WHAT IS BEING ASKED
In the entries below, which lines run from the one with "Till Backhaus lobte" through the one with "A versatile dining"? Repeat exactly those, both included, and no pictures.

SUPPLIED MATERIAL
>>>
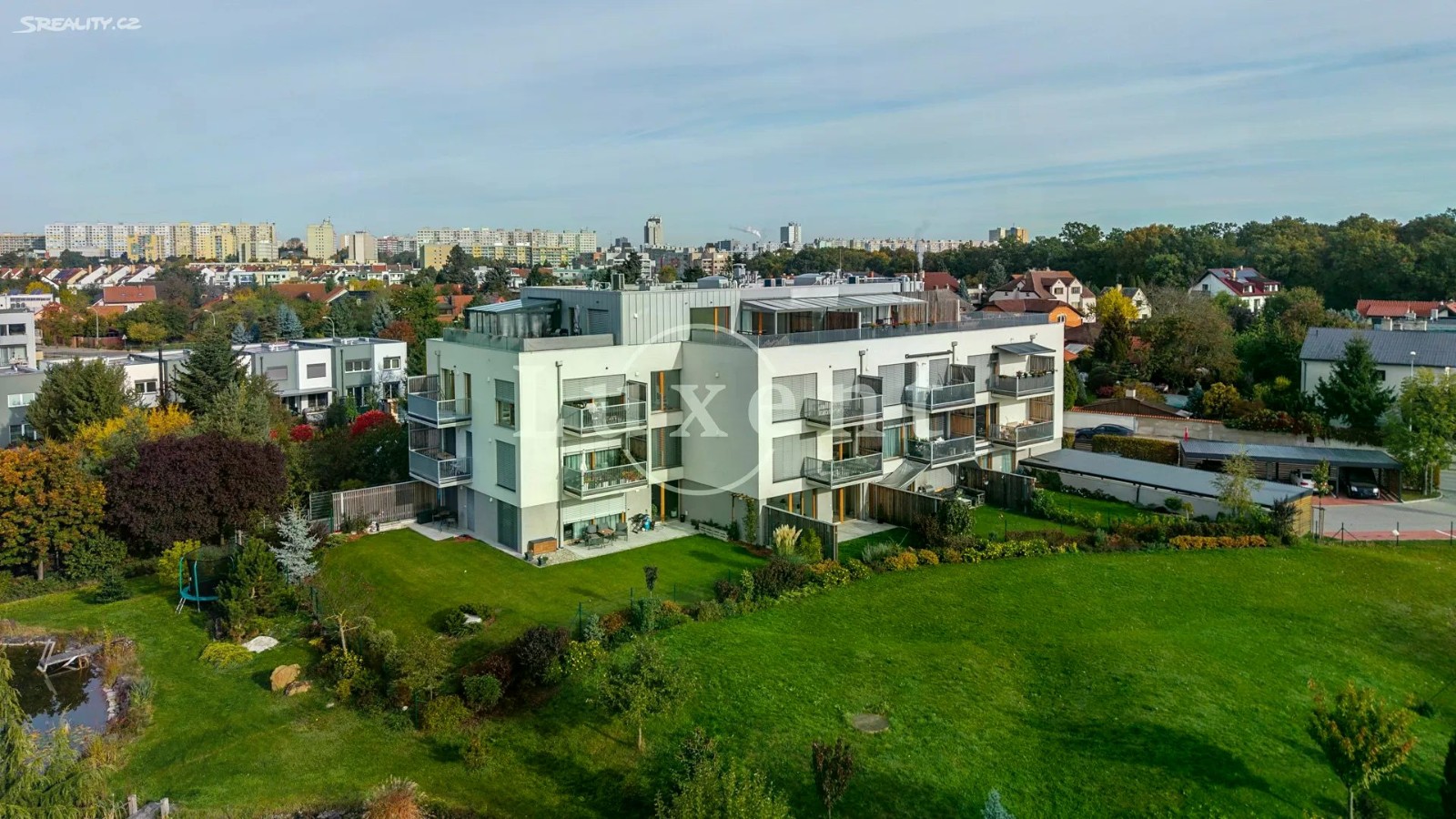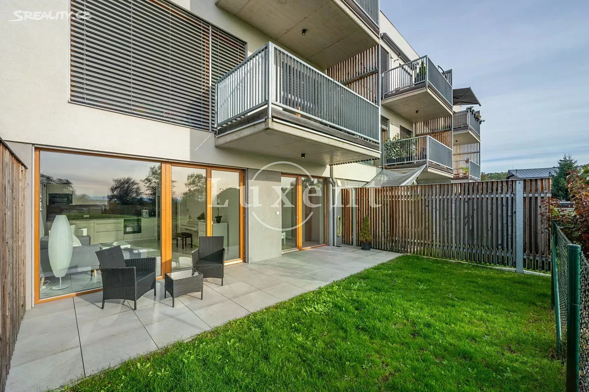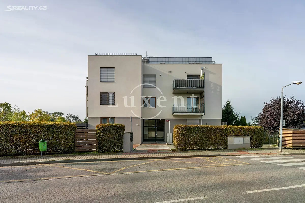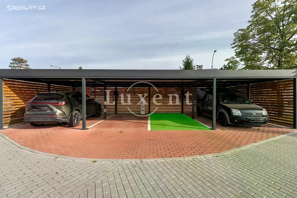 Nabízíme exkluzivně k prodeji moderní byt 2+kk o užitné ploše 56 m², s krásnou terasou a předzahrádkou, o velikosti 46,1 m², sklepem a zastřešeným parkovacím stáním. Jedná se o komorní projekt Rezidence Stříbrná zahrada v žádané lokalitě Újezd u Průhonic. Byt je situován v 1.NP, interiér zahrnuje předsíň, velkorysý vzdušný obývací pokoj s kuchyní, ložnici, prostornou koupelnu s vanou, toaletou a komoru, kde je prostor pro pračku. Oba pokoje májí přímý vstup na předzahrádku, pro příjemné posezení, ale také propojení s přírodou a výhledy do atmosferické zahrady se vzrostlou zelení a jezírkem. Byt má jednotný minimalistický a nadčasový design. V nemovitosti jsou použity kvalitní materiály, podlahové vytápění, rekuperace, velkoformátová dřevěná okna s trojskly a předokenními žaluziemi. V obývacím pokoji je umístěna klimatizační jednotka. Podlahová krytina byla zvolena v kombinaci dlažby a plovoucí dřevěné podlahy, která je v ložnici. Energetická třída je velmi úsporná B. Újezd u Průhonic je žádanou rezidenční lokalitou, která nabízí komfortní bydlení v blízkosti přírody a skvělou dopravní dostupnost do centra Prahy. Pro volnočasové aktivity je ideální nedaleký Milíčovský les s rybníky nebo Průhonický park. V okolí je kompletní občanská vybavenost, školy, školky, nákupní centra, restaurace, kavárny. Před domem je autobusová zastávka směr Opatov nebo Průhonice - Čestlice. Autem 5 minut od OC Chodov nebo nákupní zóny Čestlice.
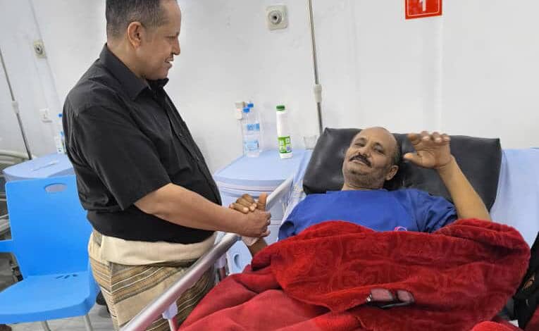 رئيس تنفيذية انتقالي لحج يزور الجريح عبد السلام ناصر علي في مستشفى عدن الخيري
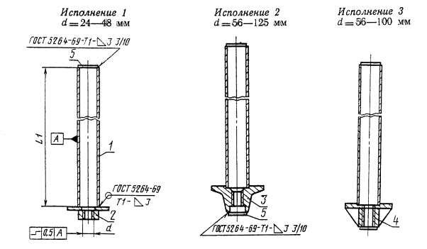 Тип 4 Болты фундаментные съемные Исполнение 1 Исполнение 2 Исполнение 3
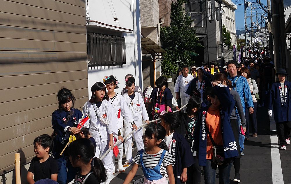 ちょうど曳行コースの中間、諸福中学校前を進みます。
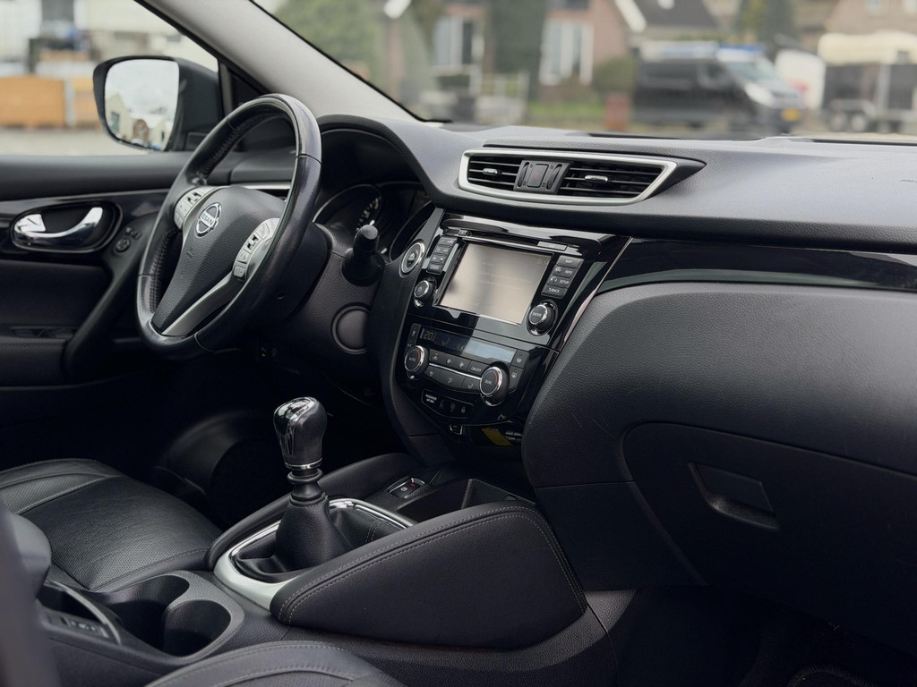 Met de hulp van vier camera's, biedt de 360 graden camera op deze auto een panoramisch zicht, wat bijzonder nuttig is bij het parkeren en manoeuvreren. Met de automatische airconditioning selecteert u de gewenste temperatuur. Het systeem doet de rest. Parkeersensoren zijn een handig hulpmiddel om parkeerschades te voorkomen. Nooit te snel, altijd constant: dat is het voordeel van de aanwezige cruise control. Gemak staat voorop bij deze Nissan Qashqai. Bijvoorbeeld merkbaar aan de keyless entry. En dan is deze auto ook nog eens voorzien van navigatiesysteem, DAB ontvangst, automatisch dimmende binnenspiegel en lederen stuur en versnellingspook.
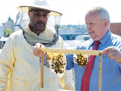 Till Backhaus lobte diese Initiativen: „Die Zahl der Bienenvölker in MV wächst wieder“, freute sich der Minister, der mit dem Programm „Mehr Respekt vor dem Insekt“ selbst eine Strategie für den Insektenschutz in MV auf den Weg gebracht hat. 80 Prozent der Nutzpflanzen, sagt Backhaus, seien auf Insekten als Bestäuber angewiesen. Zurzeit gibt es 25.000 Bienenvölker in MV, die eine Ernte von rund 700 Tonnen Honig im Jahr zusammentragen.
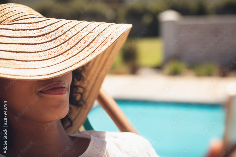 Fotografía African American woman with hat relaxing on sun lounger in her backyard
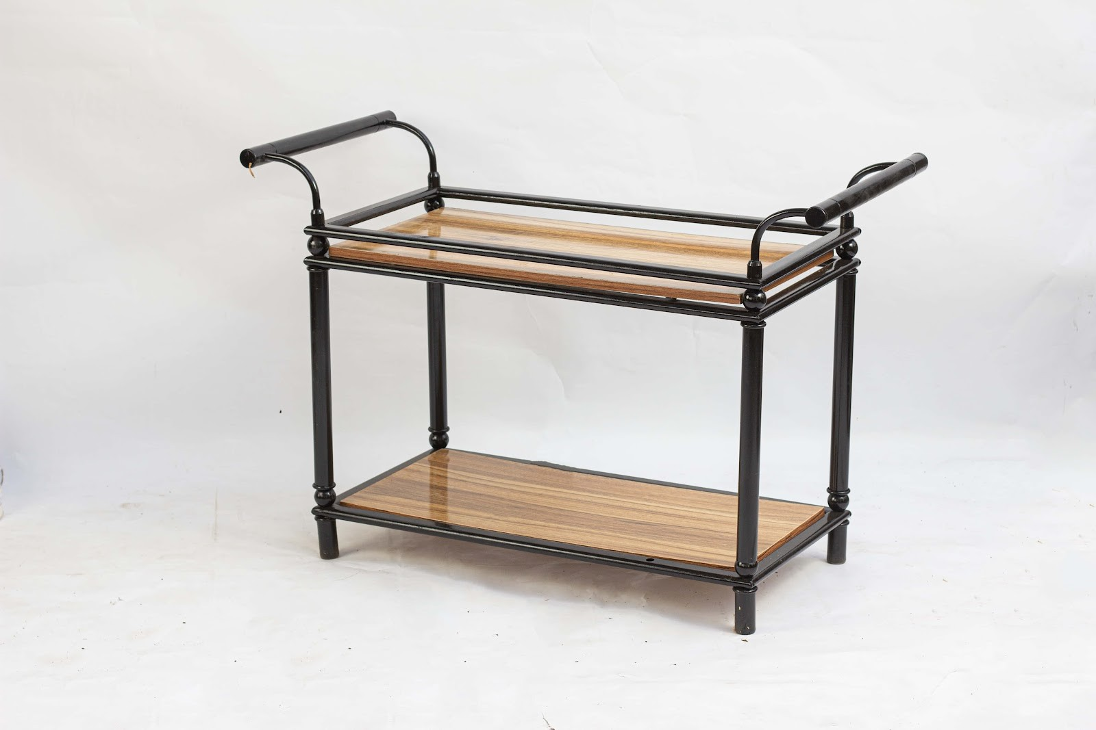 A versatile dining cart featuring a sleek black metal frame and sturdy stand.
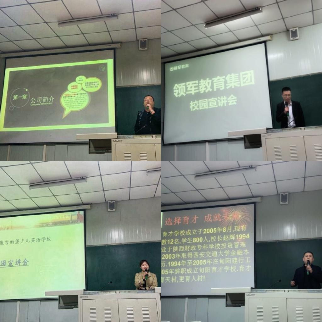 四场招聘会的用人单位分别是领军教育、安康吉的堡英语学校、忆触记发以及旬阳育才学校。每场招聘会上,招聘单位通过播放宣传片、PPT展示、面对面交流等方式向同学们介绍公司的概况、职业晋升通道以及薪金福利等,并在择业方面给与学生许多建议。
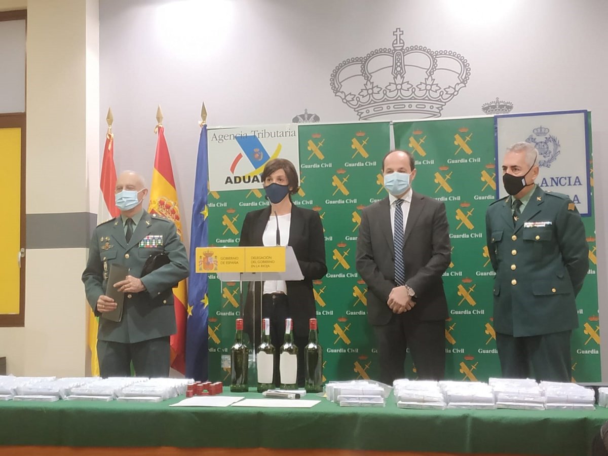 La operación ha sido presentada este jueves por la delegada del Gobierno en La Rioja, María Marrodán, así como por el coronel jefe de la X Zona de la Guardia Civil de La Rioja, José Antonio Cubel, el portavoz de la Guardia Civil en La Rioja, Miguel Ángel Sáez, el delegado especial de la AEAT de La Rioja, Miguel Fernández.
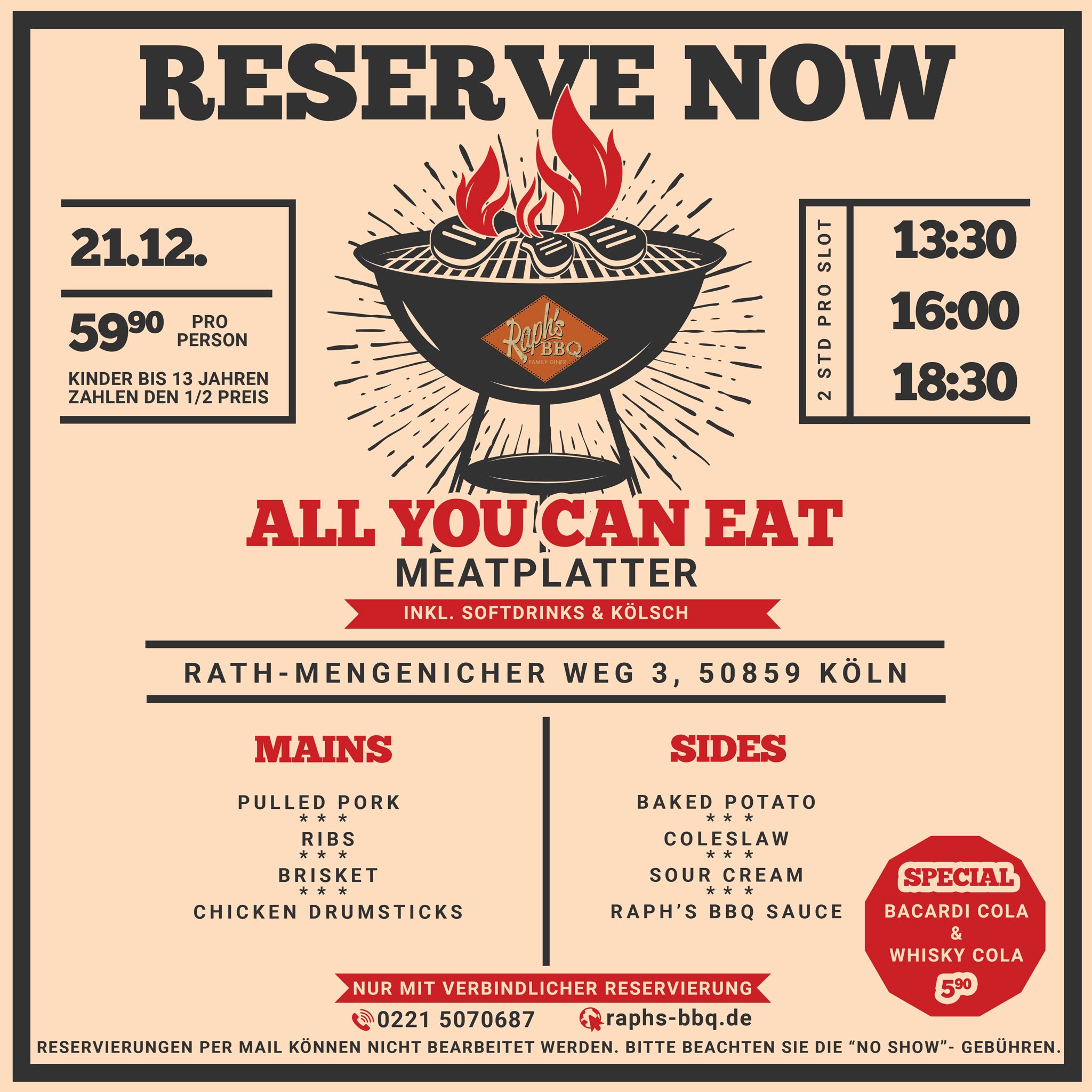 Du liebst BBQ? Dann ist unser ALL YOU CAN EAT – Meatplatter genau das Richtige für dich! Genieße 2 Stunden lang saftiges Pulled Pork, Ribs, Brisket und Chicken Drumsticks. Dazu gibt’s Baked Potato, Coleslaw, Raph’s BBQ Sauce und Sour Cream.
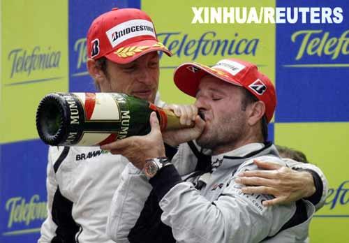 5月10日,布朗GP車(chē)隊(duì)的英國(guó)車(chē)手巴頓(左)和隊(duì)友巴里切羅慶祝勝利。當(dāng)日,在F1西班牙大獎(jiǎng)賽中,巴頓奪得冠軍,巴里切羅獲得亞軍。新華社/路透
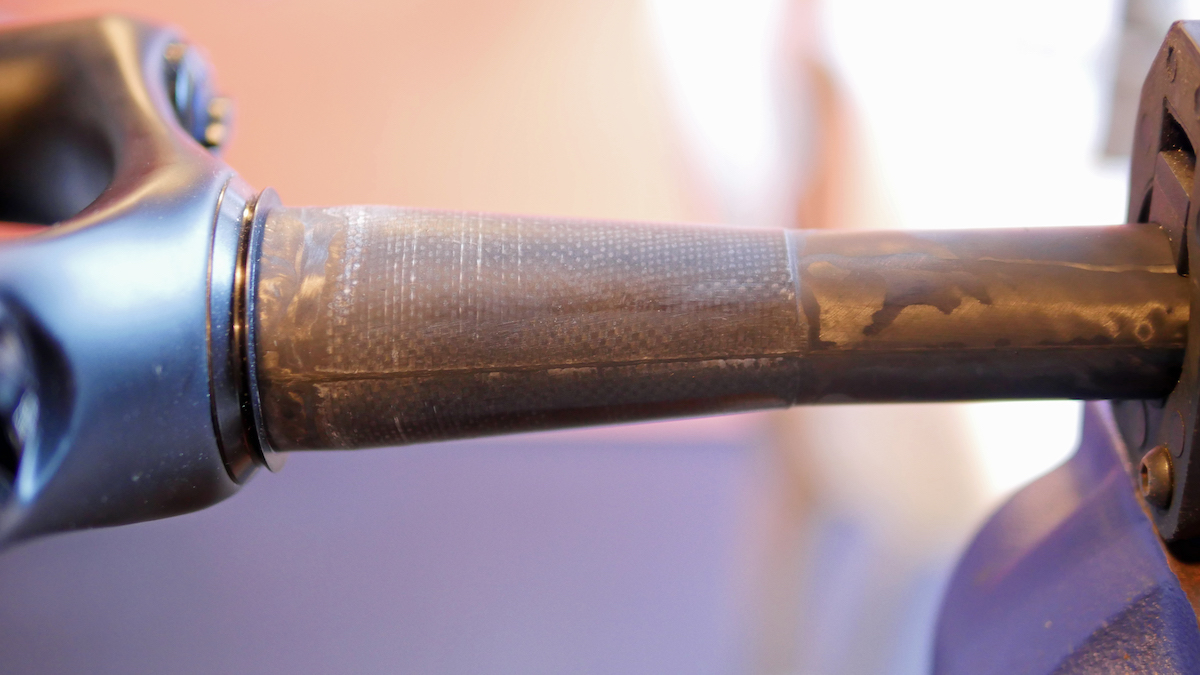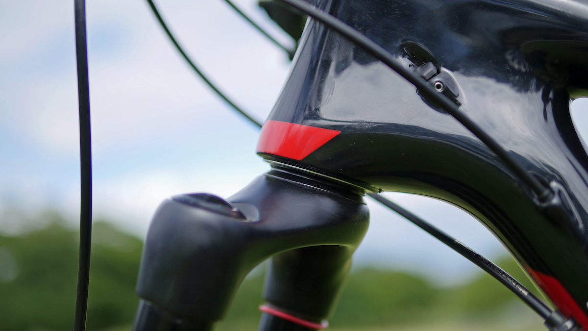 The super slim fork crown appears shallower than on other models and comes with an alloy collar bonded on top of it, on which a crown race collar of your choice is to be fitted. I fitted a Hope brand split type crown race which worked perfectly and came complete with an in-built rubber seal to prevent as much crud as possible from accessing the lower headset race. This slimmer crown undoubtedly saves a few grams, but in my view, it is a little visually odd as once fitted to your bike, there appears to be quite a large gap between the top of the crown and the bottom of the headtube.
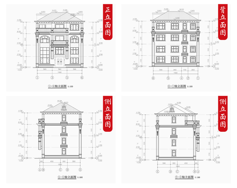 建筑平面圖:一層平面圖,二層平面圖,三層平面圖,四層平面圖; 建筑立面圖:東立面圖,西立面圖,南立面圖,北立面圖,剖面圖; 大樣圖:樓梯詳圖,細部大樣,門窗大樣 |
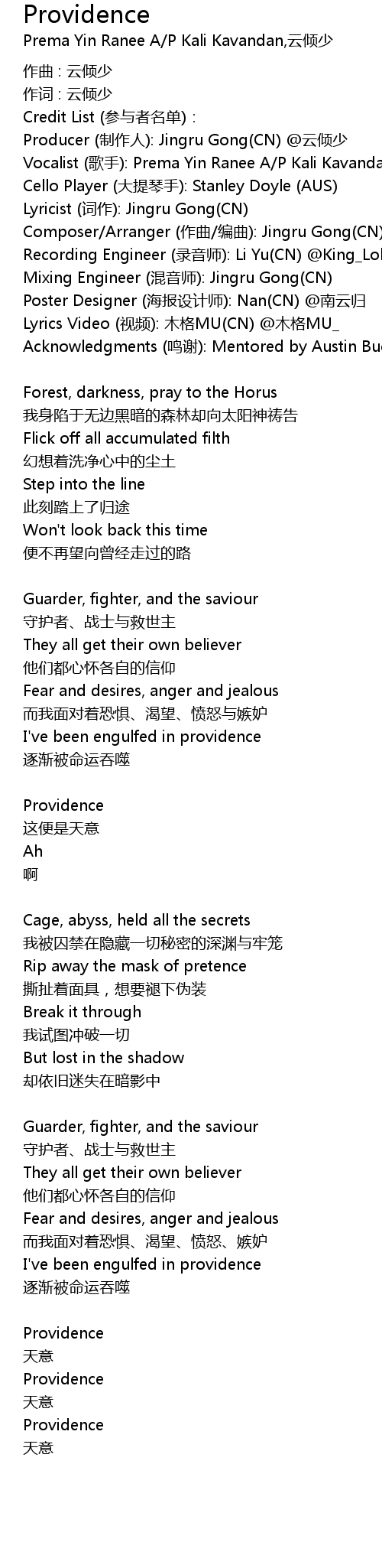 | Song | Providence |
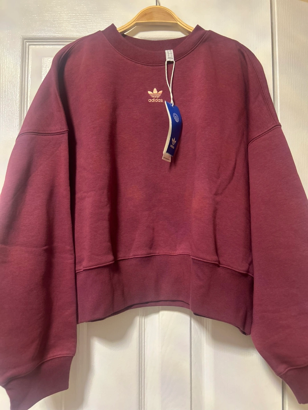 10Brand new with tags. Maroon colour. Relaxed fit. Small Adidas logo on chest. Soft material. Perfect for casual wear.
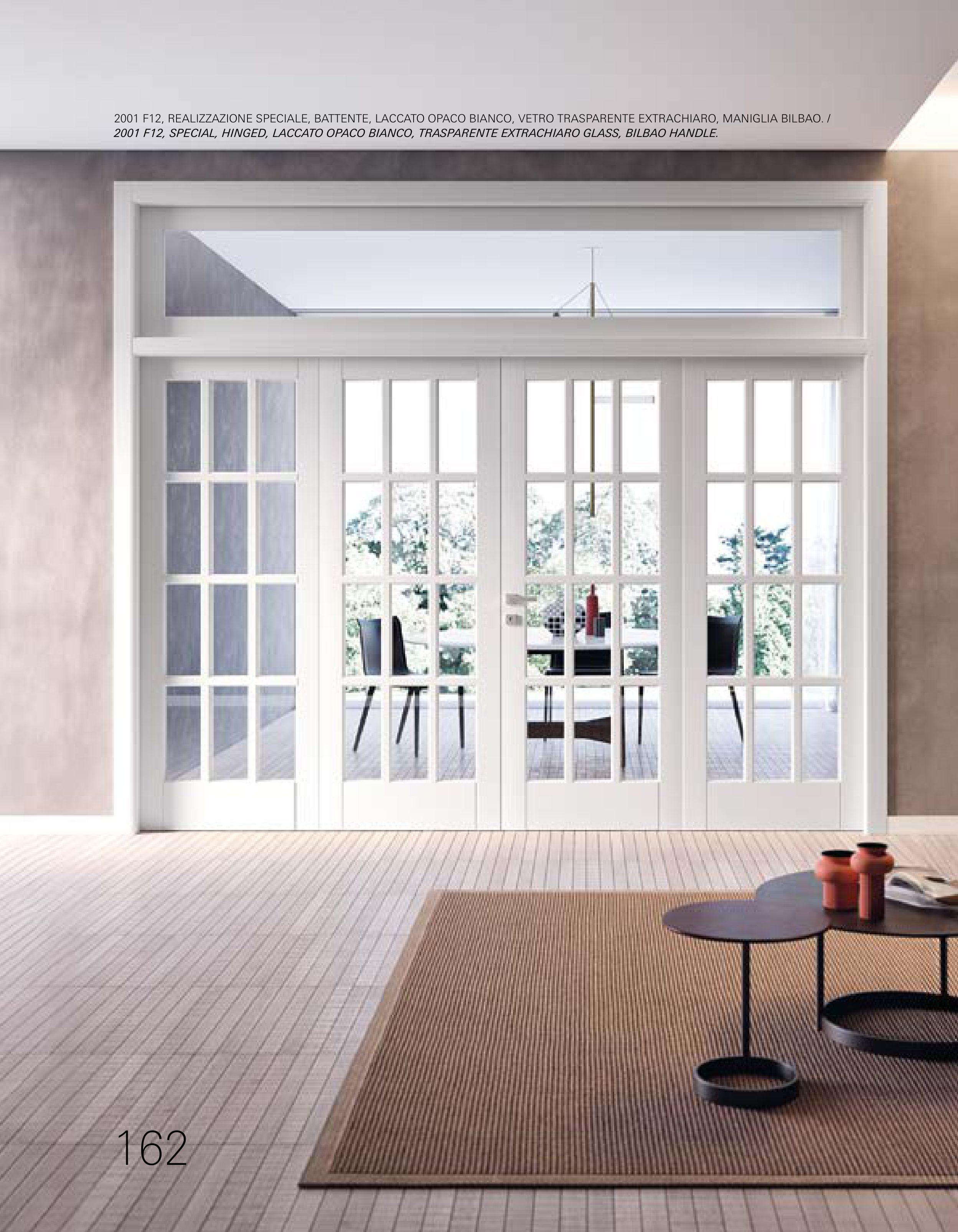 2001 F12, REALIZZAZIONE SPECIALE, BATTENTE, LACCATO OPACO BIANCO, VETRO TRASPARENTE EXTRACHIARO, MANIGLIA BILBAO. /
<<<
ANSWER
 Till Backhaus lobte diese Initiativen: „Die Zahl der Bienenvölker in MV wächst wieder“, freute sich der Minister, der mit dem Programm „Mehr Respekt vor dem Insekt“ selbst eine Strategie für den Insektenschutz in MV auf den Weg gebracht hat. 80 Prozent der Nutzpflanzen, sagt Backhaus, seien auf Insekten als Bestäuber angewiesen. Zurzeit gibt es 25.000 Bienenvölker in MV, die eine Ernte von rund 700 Tonnen Honig im Jahr zusammentragen.
 Fotografía African American woman with hat relaxing on sun lounger in her backyard
 A versatile dining cart featuring a sleek black metal frame and sturdy stand.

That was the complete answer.